The functional importance of XLαs and ALEX suggested by these examples implies that this locus should be under considerable selective constraint. Yet the XL-exon evolves at a remarkable pace: the nucleotide identity between human and mouse XL-exon is only 71%, and the amino acid identity between human and mouse ALEX is 53% [13]. For comparison, the average nucleotide and amino acid identities between human and mouse protein-coding genes and their protein products are 86% and 89%, respectively [14]. Why would a locus encoding two essential signaling proteins evolve so rapidly?

Results/Discussion

To take a closer look at the evolutionary dynamics of XLαs and ALEX, we sequenced the XL-exon from eight primates and immediately found striking differences within the repeat-containing region (we used XL-exon boundaries as described in Hayward et al. [4]; also see Methods). All studied species that included human, apes (chimpanzee, gorilla, orangutan, and gibbon), Old World monkeys (colobus and macaque), and a New World monkey (squirrel monkey) varied in the number and/or sequence of repeated units (Figure 1). Human had the smallest number of repeats, while the remaining taxa contained at least one additional repeat unit between positions I and N (Figure 1), a region where an insertion in humans is linked to disease.
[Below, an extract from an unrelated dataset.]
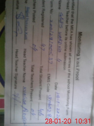 | EMIS Code: 31140282 | Name of School: GGPS WARD NO. 4 HAROON ABAD | |||

Taxa closest to human (chimpanzee, gorilla, and orangutan) carried the largest number of repeat units and an additional insertion at position B. Gibbon, colobus, macaque, and squirrel monkey contained an additional insertion at position H. Assuming that the sequenced alleles are fixed in the respective primate populations, XL-exon experienced an episode of repeat expansion in the greater ape lineage followed by a dramatic repeat loss on the branch leading from the human/chimpanzee ancestor to modern humans (Figure 2). Note that in all sampled species both reading frames remain intact regardless of the insertion/deletion events. The observed pattern may have implications for the evolution of species-specific neurological and metabolic differences (discussed below) since the variation in the number of repeats has profound developmental and physiological effects [5,11,12].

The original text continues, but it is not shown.